I am trying to implement approximate LFO-CV as described in the vignette here https://mc-stan.org/loo/articles/loo2-lfo.html. Having read the vignette, I implemented approximate LFO-CV without any refitting hoping that the Pareto k estimate would all be tolerable (below 0.7-ish). This was attractive to me because the models I want to use LFO-CV to evaluate take quite a bit of time to re-run, so I was hoping I could get away with no refitting if Pareto k’s were all reasonably small. Unfortunately, when I tried this, to my surprise, the Pareto k’s were often very bad (>1 or >>1). This surprised me because I had already used loo() to estimate LOOIC (which the vignette and accompanying paper notes, isn’t really appropriate for comparing model performance for forecasting purposes), and when I fit LOOIC, all the Pareto k’s were good. I’m probably missing something obvious, but is there a reason you’d expect Pareto k estimates to differ for LOO vs LFO? Thanks for any help you can offer! @paul.buerkner
What was the model? What was the size is of the data for the initial fit? Can you post a figures showing khat values per time step for LOO and LFO?
The model is a state-space fish population dynamics model where the process model residuals follow either: 1) an MA1 process, 2) an AR1 process, or 3) an AR1MA1 process. We’d like to use LFO-CV as a means to compare the timeseries structure for the residuals.

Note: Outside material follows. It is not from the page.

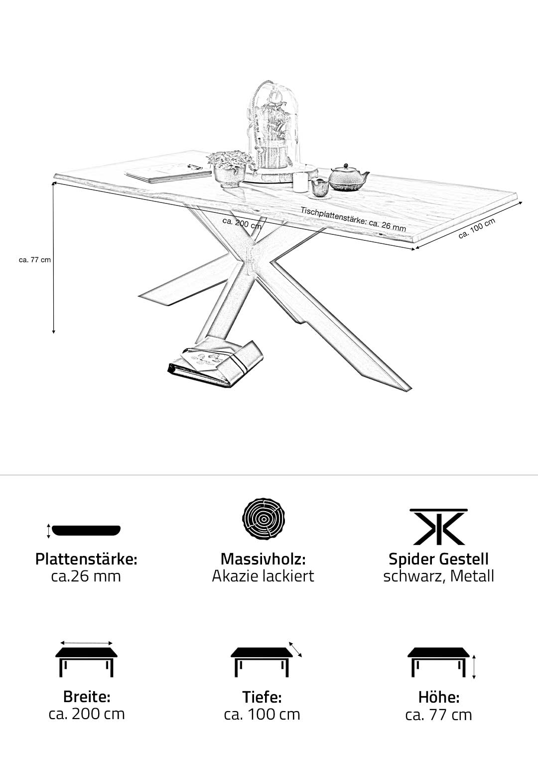| Bestandteile | 1 Tischplatte Akazie lackiert Massivholz ca. 26 mm Stärke, 1 Spider-Gestell in Metall schwarz |
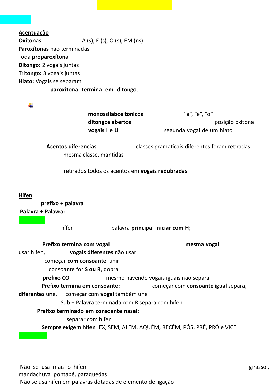 RESUMO PORTUGUÊS Ortografia 1. Acentuação ➔ Oxítonas terminadas em A (s), E (s), O (s), EM (ns) ➔ Paroxítonas não terminadas em A (s), E (s), O (s), EM (ns) ➔ Toda proparoxítona é acentuada ➔ Ditongo: 2 vogais juntas na separação silábica ➔ Tritongo: 3 vogais juntas ➔ Hiato: Vogais se separam na divisão silábica ➔ Acentua-se paroxítona termina em ditongo: Paroxítonas terminadas em ditongo podem ser eventuais proparoxítonas (Separar as vogais do ditongo) REGRAS ESPECIAIS: 1. Acentuam-se os monossílabos tônicos terminados em “a”, “e”, “o” 2. Acentuam-se os ditongos abertos EU, EI, OI, quando estiverem em posição oxítona 3. Acentuam-se as vogais I e U, quando forem a segunda vogal de um hiato; Exceção: Não acentua se for seguido de M, N, NH, R ou Z 4. Acentos diferencias: As que são de classes gramaticais diferentes foram retiradas, as que são da mesma classe, mantidas para diferenciação. Exemplo: Tem – Têm; Vem – Vêm; Pode – Pôde; Por – Pôr. 5. Foram retirados todos os acentos em vogais redobradas 6. Quando há uma paroxítona terminada em “em”, se ela for ao plural, o acento é retirado → EXCEÇÃO 2. Hífen ➔ Relação prefixo + palavra: O prefixo não existe sozinho ➔ Palavra + Palavra: Existem sozinhas, mas, juntas, formam uma nova palavra PREFIXOS: ➔ 1º caso: Haverá hífen sempre que a palavra principal iniciar com H; Exceção: sub-humano também pode ser subumano ➔ 2º caso: Prefixo termina com vogal: Se o prefixo terminar com a mesma vogal da segunda palavra usar hífen, se forem vogais diferentes não usar, unir • Se começar com consoante, unir as palavras • Se a consoante for S ou R, dobra a letra • O prefixo CO é o único que mesmo havendo vogais iguais não separa ➔ 3º caso: Prefixo termina em consoante: Se a palavra começar com consoante igual separa, se forem diferentes une, se começar com vogal também une • Exceção: Sub + Palavra terminada com R separa com hífen • Prefixo terminado em consoante nasal: Se houver vogal, o som da consoante contamina o som, então separar com hífen ➔ 4º caso: Sempre exigem hífen: EX, SEM, ALÉM, AQUÉM, RECÉM, PÓS, PRÉ, PRÓ e VICE PALAVRAS: ➔ Hífen cria outra palavra ➔ Se uma palavra composta tem sílaba tônica própria, unidade de significado e ausência de preposição, ela terá hífen ➔ Não se usa mais o hífen em certas palavras que perderam a noção de composição: girassol, mandachuva, pontapé, paraquedas ➔ Não se usa hífen em palavras dotadas de elemento de ligação (preposição) Highlight Highlight Highlight Highlight Highlight Highlight Highlight Highlight Highlight Highlight Highlight Highlight Highlight Highlight Highlight Highlight Highlight Highlight Highlight Highlight Highlight Highlight Highlight Highlight Highlight Highlight Highlight Highlight Highlight Highlight Highlight Highlight Highlight Highlight Highlight Highlight Highlight Highlight Highlight Highlight Highlight Highlight Highlight Highlight Highlight Highlight Highlight Highlight Highlight Highlight Highlight Highlight Highlight Highlight Highlight ➔ Exceções: água-de-colônia, cor-de-rosa, mais-que-perfeito, pé-de-meia, gota-d ’água, além de nomes de espécies botânicas ou zoológicas: gato-do-mato, andorinha-de-rabo-branco, cravo-da- índia, dente-de-leão MAL / BEM: ➔ Mal: Emprega-se o hífen quando a palavra a seguir for iniciada por vogal, H ou L ➔ BEM: Emprega-se o hífen quando a palavra a seguir for iniciada por A, E, I, O, U, B, C, D, F, H, M, N, P, Q, S, T, V (todas as vogais e todas as consoantes) ➔ Exceção: Com ou sem hífen estão corretas: Benfazer ou bem-fazer, benquerer ou bem-querer e bendizer ou bem-dizer NÃO / QUASE: ➔ Sempre dispensa o hífen MORFOLOGIA ➔ Classes gramaticais 1. Grupo das emoções: ➔ Interjeição (!): Relação com sentimentos, sensação, espanto, surpresa, cumprimento, saudação ➔ Classes gramaticais fechadas: Artigo, pronome, preposição e conjunção: Não mudam ➔ Classes gramaticas que podem se transformar em locuções: Adjetivos, verbos, advérbios, preposições e conjunções 1. GRUPO DOS NOMES: ➔ Artigo, adjetivo, pronome e numeral se ligam e são subordinadas ao substantivo ➔ Substantivo: Nomeia os seres ➢ Simples (uma palavra) ➢ Composto (+ 1 palavra) ➢ Próprios (nome de pessoas, lugares, instituições) ➢ Comuns (não designam seres específicos) ➢ Concreto (existe por si só, conseguimos criar imagens, palpáveis) ➢ Abstrato (ações verbais, sentimentos, subjetivo) ➢ Primitivo (primeiro de todos) ➢ Derivados (se formam a partir do primitivo) ➢ Coletivos ➔ Flexão nominal: Gênero e Número → O GRAU NÃO PARTICIPA DA ESTRUTURA DOS NOMES, NÃO VARIA JUNTO ➔ Artigo, adjetivo, numeral e pronome respeitam a flexão: Concordância nominal ➔ Adjetivos: Características, qualidades, estados e relações → Caracterizar o substantivo → Se ele não possuir flexão de gênero, vai ser do mesmo gênero do substantivo; Classe gramatical núcleo; exercem função sintética de adjunto adnominal, predicativo do sujeito ou predicativo do objeto direto; Adjetivos de relação: Não aceitam intensificadores, não aceitam ser antepostos aos substantivos, derivam de um substantivo ➔ Pronome quando acompanha o nome é chamado de pronome adjetivo, quando substitui o nome é pronome substantivo → Acompanhar ou substituir o substantivo; Indefinido (todo), ou definido; demonstrativos (indicam ou relacionam termos), relativos (retornam palavras e termos) → Todo pronome relativo é um pronome anafórico (retoma, faz referência a elemento anterior) ➔ O artigo sempre aparece antes do substantivo, mas nem sempre o artigo aparece imediatamente antes do substantivo → Palavra que serve para determinar o substantivo; DEFINIDO: O, A, OS, AS; INDEFINIDO: UM, UMA, UNS, UMAS Highlight Highlight Highlight Highlight Highlight Highlight Highlight Highl

Full details of the model are here:
The timeseries is quite short (43 yrs).
Here is a comparison of the k-hat plots:
- from calling pareto_k_values after passing the point-wise log posterior predictive probabilities matrix to loo()
- from calling pareto_k_values within the loop where approximate LFO is calculated here: https://mc-stan.org/loo/articles/loo2-lfo.html with re-fitting turned off (so using only the original model fit to all the data):
Last note: The model technically has multiple likelihoods. I have calculated LOOIC and approximate LFO-CV using log point-wise posterior predictive probability densities for a single likelihood contribution (population abundance data) which is shown above because we are most interested in using this model for one-step-ahead forecasts of abundance.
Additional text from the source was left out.